I have been angsting about my blog. Worrying that it isn't arty enough for my visitors. Worrying that its too domestic. But guess what. Who flippin' cares. It's my life, my real life, not an edited version (well, kinda) and I figure that if it makes it to these pages, then its because it's important to ME.
You'll know if you visit often enough that I ramble on about art, life, kids, faith, my city and country, my favourite people, the beach and lately homeschooling. Other things like buttons on the beach keep reoccurring because I like to look for buttons on my beach (and because I just can, which is heaven for a girl who loves textiles and the beach). My travels, my observations of my environment and at times the mad heady rush of finally being able to sink myself into the wonderful world of making.
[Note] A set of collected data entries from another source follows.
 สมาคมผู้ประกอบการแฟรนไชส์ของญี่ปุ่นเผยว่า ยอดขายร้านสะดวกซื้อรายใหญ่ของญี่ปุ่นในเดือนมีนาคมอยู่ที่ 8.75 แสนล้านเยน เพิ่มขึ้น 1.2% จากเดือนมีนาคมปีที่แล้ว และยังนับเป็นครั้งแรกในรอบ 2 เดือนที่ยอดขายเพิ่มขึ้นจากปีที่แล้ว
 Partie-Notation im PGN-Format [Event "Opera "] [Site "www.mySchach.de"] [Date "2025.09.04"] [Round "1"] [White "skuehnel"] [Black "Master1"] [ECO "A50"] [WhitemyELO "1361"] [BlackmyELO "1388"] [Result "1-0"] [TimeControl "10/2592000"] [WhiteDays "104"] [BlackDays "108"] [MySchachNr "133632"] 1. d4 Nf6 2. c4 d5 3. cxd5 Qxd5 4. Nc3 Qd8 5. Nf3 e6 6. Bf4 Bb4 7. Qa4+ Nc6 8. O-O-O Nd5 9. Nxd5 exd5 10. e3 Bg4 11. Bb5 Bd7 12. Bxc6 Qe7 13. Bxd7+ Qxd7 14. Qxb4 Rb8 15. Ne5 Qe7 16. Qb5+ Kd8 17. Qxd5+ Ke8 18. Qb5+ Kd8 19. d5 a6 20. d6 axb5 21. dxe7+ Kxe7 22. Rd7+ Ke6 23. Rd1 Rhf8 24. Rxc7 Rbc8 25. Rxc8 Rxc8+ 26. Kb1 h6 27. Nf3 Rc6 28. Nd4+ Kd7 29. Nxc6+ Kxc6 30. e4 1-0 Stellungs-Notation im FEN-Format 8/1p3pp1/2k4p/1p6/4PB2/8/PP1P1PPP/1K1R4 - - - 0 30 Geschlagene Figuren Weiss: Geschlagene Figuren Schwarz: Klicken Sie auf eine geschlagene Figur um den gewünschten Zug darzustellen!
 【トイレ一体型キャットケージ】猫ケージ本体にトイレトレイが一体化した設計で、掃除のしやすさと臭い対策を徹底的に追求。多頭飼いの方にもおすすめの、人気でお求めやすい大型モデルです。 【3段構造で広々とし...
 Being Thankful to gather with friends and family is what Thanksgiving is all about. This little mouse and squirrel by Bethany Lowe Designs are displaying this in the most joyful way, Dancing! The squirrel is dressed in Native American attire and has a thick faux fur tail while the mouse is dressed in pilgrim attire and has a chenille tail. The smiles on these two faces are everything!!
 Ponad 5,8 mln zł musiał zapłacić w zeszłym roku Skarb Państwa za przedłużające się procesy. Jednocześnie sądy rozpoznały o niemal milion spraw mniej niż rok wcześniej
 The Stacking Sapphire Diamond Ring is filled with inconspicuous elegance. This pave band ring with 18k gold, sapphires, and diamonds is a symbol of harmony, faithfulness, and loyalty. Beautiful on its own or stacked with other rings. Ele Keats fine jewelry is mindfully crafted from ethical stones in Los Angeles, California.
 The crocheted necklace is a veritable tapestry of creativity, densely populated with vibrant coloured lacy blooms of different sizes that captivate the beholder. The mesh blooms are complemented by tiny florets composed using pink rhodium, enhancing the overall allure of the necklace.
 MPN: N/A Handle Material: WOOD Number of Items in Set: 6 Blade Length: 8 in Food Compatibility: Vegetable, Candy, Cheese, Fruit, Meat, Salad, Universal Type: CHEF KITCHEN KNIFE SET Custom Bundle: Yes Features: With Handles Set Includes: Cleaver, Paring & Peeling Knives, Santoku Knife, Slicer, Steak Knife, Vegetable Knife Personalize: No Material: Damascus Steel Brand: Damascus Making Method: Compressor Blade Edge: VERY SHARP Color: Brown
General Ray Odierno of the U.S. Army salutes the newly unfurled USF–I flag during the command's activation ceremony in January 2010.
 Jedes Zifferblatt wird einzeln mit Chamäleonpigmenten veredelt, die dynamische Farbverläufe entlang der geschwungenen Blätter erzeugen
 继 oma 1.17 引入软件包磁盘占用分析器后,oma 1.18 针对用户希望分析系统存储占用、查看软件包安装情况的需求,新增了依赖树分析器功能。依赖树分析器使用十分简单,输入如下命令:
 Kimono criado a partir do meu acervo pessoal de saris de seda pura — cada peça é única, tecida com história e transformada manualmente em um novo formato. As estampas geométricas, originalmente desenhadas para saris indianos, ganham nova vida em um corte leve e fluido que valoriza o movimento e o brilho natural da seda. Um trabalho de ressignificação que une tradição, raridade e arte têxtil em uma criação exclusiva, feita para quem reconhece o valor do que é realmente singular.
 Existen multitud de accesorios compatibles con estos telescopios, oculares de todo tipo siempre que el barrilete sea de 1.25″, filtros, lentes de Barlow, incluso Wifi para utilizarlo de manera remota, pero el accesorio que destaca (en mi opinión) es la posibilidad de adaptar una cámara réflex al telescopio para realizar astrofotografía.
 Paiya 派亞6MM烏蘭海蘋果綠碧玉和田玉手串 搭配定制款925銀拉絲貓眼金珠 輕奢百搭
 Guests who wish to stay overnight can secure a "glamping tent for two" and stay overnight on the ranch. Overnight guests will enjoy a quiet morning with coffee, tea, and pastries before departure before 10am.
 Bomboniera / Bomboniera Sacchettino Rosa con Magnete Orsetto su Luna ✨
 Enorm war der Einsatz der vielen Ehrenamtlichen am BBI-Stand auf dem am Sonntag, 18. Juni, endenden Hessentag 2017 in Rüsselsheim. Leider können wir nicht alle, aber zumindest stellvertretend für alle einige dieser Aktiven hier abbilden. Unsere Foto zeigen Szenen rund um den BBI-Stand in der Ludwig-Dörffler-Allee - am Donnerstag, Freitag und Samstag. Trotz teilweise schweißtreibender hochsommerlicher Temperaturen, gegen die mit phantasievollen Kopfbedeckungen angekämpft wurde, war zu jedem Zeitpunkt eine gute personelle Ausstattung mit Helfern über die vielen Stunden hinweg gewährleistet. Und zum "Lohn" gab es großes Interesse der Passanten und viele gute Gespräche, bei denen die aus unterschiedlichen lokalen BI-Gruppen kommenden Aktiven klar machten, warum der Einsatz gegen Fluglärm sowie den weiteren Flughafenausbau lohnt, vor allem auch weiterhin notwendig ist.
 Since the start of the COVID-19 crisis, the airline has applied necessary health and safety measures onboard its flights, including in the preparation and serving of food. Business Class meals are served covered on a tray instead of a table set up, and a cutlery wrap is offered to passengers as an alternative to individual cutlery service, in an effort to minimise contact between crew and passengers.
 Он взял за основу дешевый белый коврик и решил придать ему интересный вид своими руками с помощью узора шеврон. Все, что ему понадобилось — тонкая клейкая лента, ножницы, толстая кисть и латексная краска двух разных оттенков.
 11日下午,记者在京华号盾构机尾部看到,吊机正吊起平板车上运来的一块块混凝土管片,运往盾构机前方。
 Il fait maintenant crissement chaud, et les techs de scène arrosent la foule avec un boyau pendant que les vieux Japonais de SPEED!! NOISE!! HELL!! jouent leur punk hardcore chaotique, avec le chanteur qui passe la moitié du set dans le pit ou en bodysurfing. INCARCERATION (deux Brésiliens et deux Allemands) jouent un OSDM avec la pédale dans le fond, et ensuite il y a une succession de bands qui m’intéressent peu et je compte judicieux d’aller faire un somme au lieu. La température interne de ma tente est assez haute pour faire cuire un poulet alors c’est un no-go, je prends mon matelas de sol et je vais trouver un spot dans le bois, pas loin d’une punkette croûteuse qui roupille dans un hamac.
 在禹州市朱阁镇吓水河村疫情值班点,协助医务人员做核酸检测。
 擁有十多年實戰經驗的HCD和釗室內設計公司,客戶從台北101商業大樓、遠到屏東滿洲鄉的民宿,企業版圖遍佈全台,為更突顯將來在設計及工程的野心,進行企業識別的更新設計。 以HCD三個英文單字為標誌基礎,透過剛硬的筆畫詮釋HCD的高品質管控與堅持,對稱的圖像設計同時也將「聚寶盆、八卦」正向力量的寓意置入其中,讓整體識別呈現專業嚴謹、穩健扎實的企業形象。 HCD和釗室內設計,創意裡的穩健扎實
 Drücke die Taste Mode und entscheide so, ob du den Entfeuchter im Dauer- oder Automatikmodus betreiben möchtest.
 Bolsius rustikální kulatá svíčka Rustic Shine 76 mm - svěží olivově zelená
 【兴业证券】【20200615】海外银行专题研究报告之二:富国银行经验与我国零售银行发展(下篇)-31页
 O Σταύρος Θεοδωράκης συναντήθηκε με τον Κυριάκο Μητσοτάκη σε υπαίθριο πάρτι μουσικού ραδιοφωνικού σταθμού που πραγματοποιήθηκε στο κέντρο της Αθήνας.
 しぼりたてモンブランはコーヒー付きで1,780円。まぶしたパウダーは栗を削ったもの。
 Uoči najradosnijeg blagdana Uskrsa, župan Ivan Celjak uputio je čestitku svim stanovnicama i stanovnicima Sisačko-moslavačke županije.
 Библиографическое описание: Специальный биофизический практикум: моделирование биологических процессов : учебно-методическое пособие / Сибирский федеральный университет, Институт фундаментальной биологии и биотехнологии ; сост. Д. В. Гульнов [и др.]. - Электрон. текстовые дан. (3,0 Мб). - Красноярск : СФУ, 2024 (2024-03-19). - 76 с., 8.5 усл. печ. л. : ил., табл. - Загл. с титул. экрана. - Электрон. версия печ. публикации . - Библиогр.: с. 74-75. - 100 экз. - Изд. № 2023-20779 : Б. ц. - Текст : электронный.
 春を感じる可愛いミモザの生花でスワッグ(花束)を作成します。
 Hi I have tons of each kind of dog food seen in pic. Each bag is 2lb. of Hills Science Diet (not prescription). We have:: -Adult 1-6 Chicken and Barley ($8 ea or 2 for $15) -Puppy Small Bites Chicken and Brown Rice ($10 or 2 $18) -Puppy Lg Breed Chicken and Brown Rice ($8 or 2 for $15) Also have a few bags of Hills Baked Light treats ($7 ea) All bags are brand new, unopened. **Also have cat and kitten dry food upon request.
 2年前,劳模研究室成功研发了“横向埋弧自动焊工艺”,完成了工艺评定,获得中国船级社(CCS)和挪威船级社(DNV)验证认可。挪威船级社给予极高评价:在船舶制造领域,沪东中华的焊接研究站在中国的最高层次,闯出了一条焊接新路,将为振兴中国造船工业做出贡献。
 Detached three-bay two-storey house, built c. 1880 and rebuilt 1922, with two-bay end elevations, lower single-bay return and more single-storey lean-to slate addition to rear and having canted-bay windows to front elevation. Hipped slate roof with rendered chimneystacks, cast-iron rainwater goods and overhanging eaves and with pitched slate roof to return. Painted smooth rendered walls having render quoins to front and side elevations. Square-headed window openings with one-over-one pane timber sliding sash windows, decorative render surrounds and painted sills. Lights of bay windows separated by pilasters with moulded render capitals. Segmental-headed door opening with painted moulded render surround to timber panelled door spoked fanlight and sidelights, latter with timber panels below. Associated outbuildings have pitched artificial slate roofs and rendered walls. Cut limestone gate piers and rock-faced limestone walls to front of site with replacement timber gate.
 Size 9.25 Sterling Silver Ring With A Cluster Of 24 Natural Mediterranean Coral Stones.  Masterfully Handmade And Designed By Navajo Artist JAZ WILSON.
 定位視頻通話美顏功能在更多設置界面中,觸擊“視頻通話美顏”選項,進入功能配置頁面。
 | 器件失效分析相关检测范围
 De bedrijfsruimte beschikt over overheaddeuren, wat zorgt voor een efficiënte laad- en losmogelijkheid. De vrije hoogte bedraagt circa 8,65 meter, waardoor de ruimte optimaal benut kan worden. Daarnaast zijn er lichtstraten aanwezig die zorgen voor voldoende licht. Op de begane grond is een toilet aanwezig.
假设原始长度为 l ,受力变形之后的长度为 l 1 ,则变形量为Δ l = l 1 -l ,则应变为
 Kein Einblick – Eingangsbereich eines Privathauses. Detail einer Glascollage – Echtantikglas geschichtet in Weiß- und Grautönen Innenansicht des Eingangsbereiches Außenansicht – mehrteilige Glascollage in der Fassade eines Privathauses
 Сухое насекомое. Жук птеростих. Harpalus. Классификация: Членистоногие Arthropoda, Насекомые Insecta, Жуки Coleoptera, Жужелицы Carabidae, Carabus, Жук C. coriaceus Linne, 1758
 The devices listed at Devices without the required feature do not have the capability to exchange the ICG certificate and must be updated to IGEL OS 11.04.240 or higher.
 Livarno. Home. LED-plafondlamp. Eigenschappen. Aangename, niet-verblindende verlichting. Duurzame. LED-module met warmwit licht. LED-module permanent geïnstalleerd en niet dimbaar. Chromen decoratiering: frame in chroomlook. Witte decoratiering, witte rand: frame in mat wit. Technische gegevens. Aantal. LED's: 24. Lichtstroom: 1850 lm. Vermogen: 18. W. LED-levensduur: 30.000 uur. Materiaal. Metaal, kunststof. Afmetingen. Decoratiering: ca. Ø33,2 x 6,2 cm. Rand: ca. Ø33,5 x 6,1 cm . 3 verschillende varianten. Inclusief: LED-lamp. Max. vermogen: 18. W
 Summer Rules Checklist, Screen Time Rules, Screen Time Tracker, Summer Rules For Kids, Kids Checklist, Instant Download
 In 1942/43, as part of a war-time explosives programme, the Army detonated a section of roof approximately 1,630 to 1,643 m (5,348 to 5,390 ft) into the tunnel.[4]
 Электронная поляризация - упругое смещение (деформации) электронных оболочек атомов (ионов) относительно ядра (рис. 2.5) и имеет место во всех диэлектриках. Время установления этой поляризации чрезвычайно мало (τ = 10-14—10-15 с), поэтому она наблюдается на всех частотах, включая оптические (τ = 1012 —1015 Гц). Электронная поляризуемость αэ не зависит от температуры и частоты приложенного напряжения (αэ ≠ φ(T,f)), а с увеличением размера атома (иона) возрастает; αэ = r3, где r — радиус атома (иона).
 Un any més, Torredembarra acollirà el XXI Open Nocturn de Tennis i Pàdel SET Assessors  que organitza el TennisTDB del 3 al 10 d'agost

Some things have really turned around for me. I gave up art school last year after a year and a half of struggling to fit in and trying to figure out how to make it fit me. It just didn't and I am finally ok about that. But I felt like I was giving up on yet another opportunity to better myself. I have my counselling papers and that lets me know that I am capable of study. To find myself unexpectedly pregnant at 38 was a shock. Actually every pregnancy has started out as a shock because I am complicated. I am so thankful I didn't give the baby away (or scare my husband too much), I left my old self behind and am embracing my new life as wholeheartedly as I can.
So there I am the other day trying to count my latest button finds, and get a decent photo to show you (sand and all) what I find on the beach. All of a sudden the boys spy Knuckles quietly playing on the bed. Marcus gives Knuckles his specialist newest toy, a gun he has wanted for ages. (And before anyone starts getting pissy about guns, my boy has worked hard for this and promised me this is for playing secret agents with his brother, which I guess is like girls playing shops). But first a game of wrestling.
PS. I have also become an expert on Facebook (I refuse to say addict because I am there by choice) and love talking to all my 'friends'. What a crack up. When my husband got home from church, he said "Kylie reckons she's worse then you (on Facebook)". My reply, "I'm not 'worse', I am awesome. I am gifted. It's my calling don't chya know." lol. And I am because it takes lots of skills to be able to talk to people all over the world, run a house, make a dress, organise meals, tidy, play Uno, hug a baby, umpire an argument between the big boys and talk on the phone, all at the same time. :) It's all ministry baby! lol
I love Amanda Blake Soule (click on blue words to go to their page) from Soulemama's blog site which is filled with goodness about being a home mama, a making mama, a homeschooling mama and so much more. She's inspired me in lots of wonderful ways.
I have discovered Ravelry and am making the following scarf for my honey with my four balls of Noro Silk Garden (silk/mohair/wool blend) yarn. I have knit this yarn three times and not felt satisfied with my results. Now I have a better pattern (I usually make it all up in my head as I go). God, Ravelry. For a woman who loves to make things, gathers things and nests, knitting is the perfect take-anywhere craft project. So portable. I can do a few rows while waiting for the kids to finish school, or anywhere. And living in a cold climate begs woollens. Well, that's my justification.
I remember 12 years ago as a first time mum feeling so isolated and lost. It's different these days. I talk to my friends from all over the world and don't even have to clean up my house, or get dressed or even get outta bed if I don't want to.
And I am contemplating entering a writing competition. God, I can talk and write about anything. But put a deadline in front of me and a panel, and I freeze. We'll see. Will my fear or love win out? Right now fear is winning. Haha, I am such a wuss.
O, and I had a good talk with my own mama last night. She's well but upset by thoughts of losing her own mother (my other mama who is 80). I hope talking with me helped. I think I am turning into my grandmother, the one I lived with when I was a small child. I love making, I want a country home, I want chickens and a vegie garden, I wanna homeschool, I want to walk the beaches with my kids, to go fishing and camping together. Yes, my grandmother is an important woman. She was instrumental in shaping me in so many ways. She grew us all up. She planted a seed of faith in me. She has lived a full life. I am so glad that God has big hands to catch her one day, and hold her, and show her movies of all her successes. The bits that make Him smile. I am grateful she will be waiting for me too one day. She is gold to us. Another hero in my life.
I am blessed.
4 comments:
I love your blog just the way it is. It's you.
yes, i think your blog is wonderful, just keep being you.
that is a fabulous collection you have there :)
i love reading your blog, its 'real'. i love how you write, there's a calmness to it.
i love reading your blog, becasue it feels relaxed and real, not like you are trying to be anything for anyone.